The field of text-to-image synthesis is rapidly advancing, with a focus on improving control and coherence in generated images. Recent developments have explored the use of multimodal approaches, incorporating techniques such as attention mechanisms and large language models to enhance the quality and consistency of generated images. Notably, researchers have made significant progress in addressing challenges related to complex prompts, multiple objects, and style specifications.
Some of the key innovations include the use of local prompt adaptation, cross-attention mechanisms, and semantic evolution modules to improve layout control, stylistic consistency, and contextual coherence.
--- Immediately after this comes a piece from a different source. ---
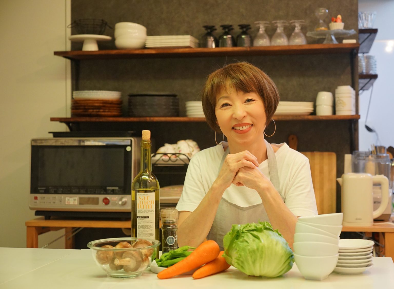 50歳になった頃、「糖質オフ料理」のレシピ開発を友人から頼まれ、1年ほどで気付くと11号だった洋服のサイズは7号、Sサイズになる。本格的に糖質オフ料理レッスンに一本化し、健康と食の両方から料理を提案する「糖質オフスタイルCooking」をスタート。

Additionally, there have been advancements in cross-domain image composition, allowing for seamless and natural stylization without relying on text prompts.
Particularly noteworthy papers include:
- LLMControl, which introduces a framework for grounded control of text-to-image diffusion-based synthesis with multimodal large language models, achieving competitive synthesis quality and allowing for precise control over generated images.
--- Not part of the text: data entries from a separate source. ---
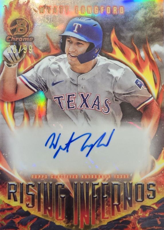 Wyatt Langford 2024 Bowman Chrome Prospect Rising Infernos Rookie RC Auto 10/99
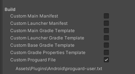如果您已完成 EDM4U/MDR 故障排除部分,但仍然收到类似于以下错误的信息:检查 Player Settings(播放器设置)> Publishing(发布)> Minify(缩小) 下的 Minify(缩小)选项。如果勾选了java.lang.ClassNotFoundException: com.unity.services.pushnotifications.android.UnityCallbackClass
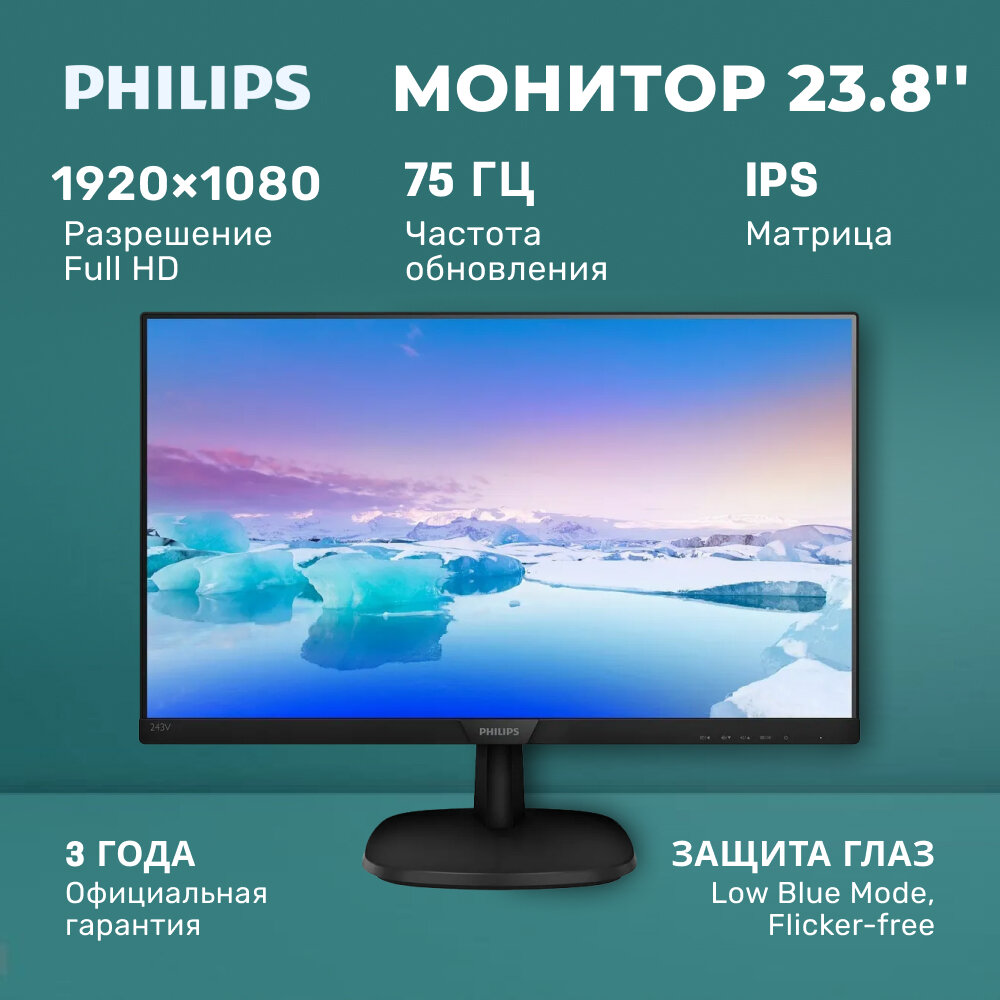 23.8" Монитор Philips 243V7QJABF, 1920x1080, 76 Гц, IPS, черный

- AIComposer, which presents a method for cross-domain image composition that does not require text prompts, preserving the diffusion prior and enabling stable stylization without a pre-stylization network.
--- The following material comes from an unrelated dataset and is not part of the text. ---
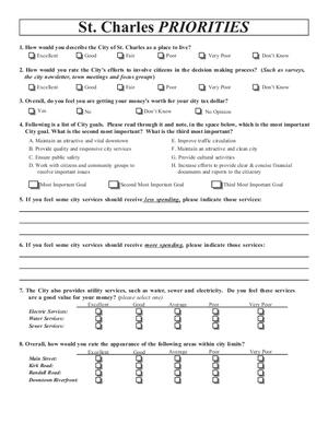 This survey, sent to St. Charles, Illinois, residents in 2003, attempts to capture public opinion on the importance of various city services as well as satisfaction with current service delivery--in the areas of fire, community and economic development, transportation, police, and general services. Asks residents to rate the relative importance of various city goals, as well as prioritize services provided through each revenue source.

- Chain-of-Cooking, which proposes a cooking process visualization model that generates coherent and semantically consistent images of cooking steps using a dynamic patch selection module and bidirectional chain-of-thought guidance.
- LOcalized Text and Sketch for fashion image generation (LOTS), which leverages a global description with paired localized sketch + text information for conditioning and introduces a novel step-based merging strategy for diffusion adaptation, achieving state-of-the-art image generation performance on both global and localized metrics.